EXERCISE REQUIREMENTS:
Go to the line containing "Термогигрометр 282-THRD от" in the records below and print it and every following line exactly, on through the line containing "Rock & Roll", then stop.

EXTRACTED MATERIAL:
+===+

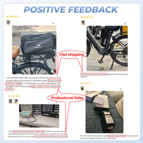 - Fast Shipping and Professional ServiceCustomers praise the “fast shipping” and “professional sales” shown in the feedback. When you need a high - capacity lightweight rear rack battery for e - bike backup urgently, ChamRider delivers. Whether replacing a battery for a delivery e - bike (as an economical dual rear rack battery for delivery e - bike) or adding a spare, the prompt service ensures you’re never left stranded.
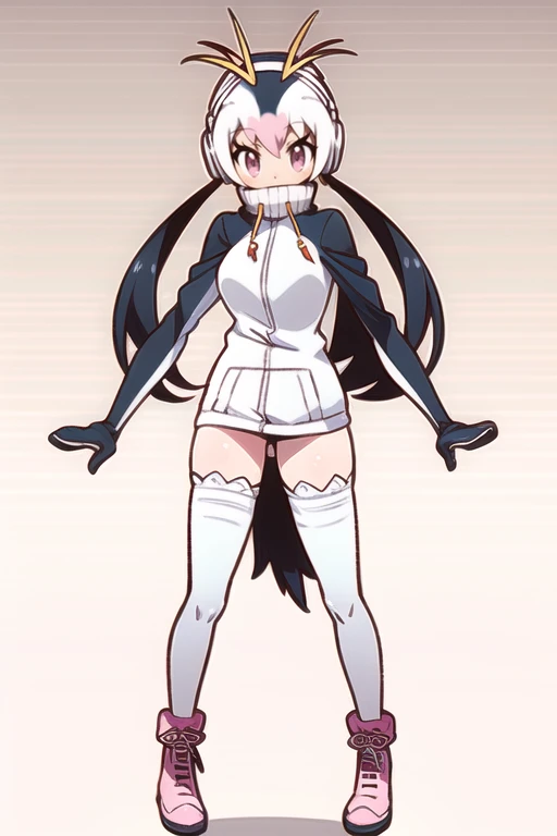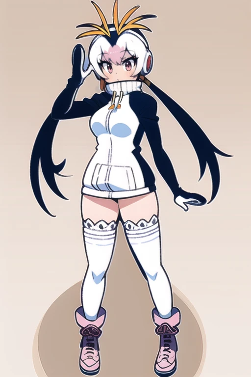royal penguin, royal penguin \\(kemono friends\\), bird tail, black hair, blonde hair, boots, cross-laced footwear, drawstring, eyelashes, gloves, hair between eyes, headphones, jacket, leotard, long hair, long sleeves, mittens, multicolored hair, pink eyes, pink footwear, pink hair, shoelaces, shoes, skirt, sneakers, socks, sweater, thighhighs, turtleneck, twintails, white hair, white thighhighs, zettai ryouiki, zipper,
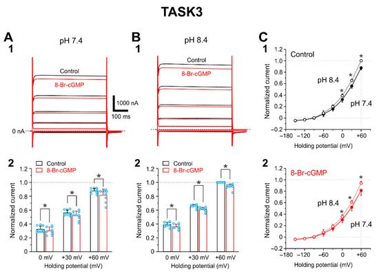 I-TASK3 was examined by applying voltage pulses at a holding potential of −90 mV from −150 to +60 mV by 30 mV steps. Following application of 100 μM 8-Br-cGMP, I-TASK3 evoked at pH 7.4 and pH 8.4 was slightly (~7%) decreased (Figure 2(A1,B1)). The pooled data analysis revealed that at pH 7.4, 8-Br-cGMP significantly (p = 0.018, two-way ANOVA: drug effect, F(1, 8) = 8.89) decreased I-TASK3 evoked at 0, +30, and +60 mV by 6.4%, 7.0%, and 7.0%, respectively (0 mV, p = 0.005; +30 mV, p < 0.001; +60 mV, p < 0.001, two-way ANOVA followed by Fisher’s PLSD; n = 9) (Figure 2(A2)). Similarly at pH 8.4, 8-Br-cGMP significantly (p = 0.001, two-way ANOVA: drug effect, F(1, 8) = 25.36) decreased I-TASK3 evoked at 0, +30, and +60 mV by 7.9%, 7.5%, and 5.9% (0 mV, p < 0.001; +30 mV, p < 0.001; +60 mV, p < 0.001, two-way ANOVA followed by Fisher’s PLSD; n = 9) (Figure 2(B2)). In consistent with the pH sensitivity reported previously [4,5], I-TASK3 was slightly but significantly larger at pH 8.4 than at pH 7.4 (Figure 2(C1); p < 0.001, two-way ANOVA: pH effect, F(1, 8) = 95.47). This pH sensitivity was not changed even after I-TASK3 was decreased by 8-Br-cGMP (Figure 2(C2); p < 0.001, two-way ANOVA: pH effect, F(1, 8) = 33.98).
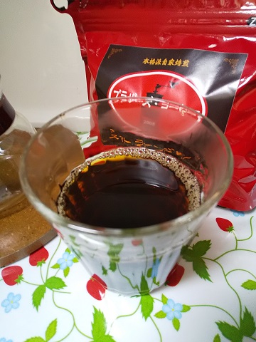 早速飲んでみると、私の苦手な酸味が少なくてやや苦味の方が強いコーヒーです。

+===+

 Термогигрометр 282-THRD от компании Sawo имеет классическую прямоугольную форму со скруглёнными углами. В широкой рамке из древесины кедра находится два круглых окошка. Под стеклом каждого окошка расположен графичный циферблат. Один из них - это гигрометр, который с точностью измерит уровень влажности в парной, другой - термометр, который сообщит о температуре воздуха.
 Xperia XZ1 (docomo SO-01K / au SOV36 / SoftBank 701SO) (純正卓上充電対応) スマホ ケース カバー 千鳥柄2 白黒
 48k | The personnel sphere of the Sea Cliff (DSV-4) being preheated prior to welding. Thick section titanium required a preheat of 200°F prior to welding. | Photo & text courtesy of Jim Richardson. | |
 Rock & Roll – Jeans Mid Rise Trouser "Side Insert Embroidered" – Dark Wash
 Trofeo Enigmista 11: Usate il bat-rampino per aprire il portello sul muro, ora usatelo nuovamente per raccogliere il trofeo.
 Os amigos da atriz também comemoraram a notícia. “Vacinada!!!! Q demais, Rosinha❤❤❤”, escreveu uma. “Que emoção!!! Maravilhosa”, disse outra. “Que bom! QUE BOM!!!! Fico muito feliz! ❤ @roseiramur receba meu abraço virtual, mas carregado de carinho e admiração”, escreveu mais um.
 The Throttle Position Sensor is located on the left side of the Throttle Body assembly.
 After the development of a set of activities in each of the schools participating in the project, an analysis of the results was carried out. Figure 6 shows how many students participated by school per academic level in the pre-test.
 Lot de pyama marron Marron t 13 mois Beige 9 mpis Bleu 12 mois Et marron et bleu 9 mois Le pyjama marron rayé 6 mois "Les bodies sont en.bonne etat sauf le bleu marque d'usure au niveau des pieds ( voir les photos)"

+===+

RESULT OF THE TASK:
 Термогигрометр 282-THRD от компании Sawo имеет классическую прямоугольную форму со скруглёнными углами. В широкой рамке из древесины кедра находится два круглых окошка. Под стеклом каждого окошка расположен графичный циферблат. Один из них - это гигрометр, который с точностью измерит уровень влажности в парной, другой - термометр, который сообщит о температуре воздуха.
 Xperia XZ1 (docomo SO-01K / au SOV36 / SoftBank 701SO) (純正卓上充電対応) スマホ ケース カバー 千鳥柄2 白黒
 48k | The personnel sphere of the Sea Cliff (DSV-4) being preheated prior to welding. Thick section titanium required a preheat of 200°F prior to welding. | Photo & text courtesy of Jim Richardson. | |
 Rock & Roll – Jeans Mid Rise Trouser "Side Insert Embroidered" – Dark Wash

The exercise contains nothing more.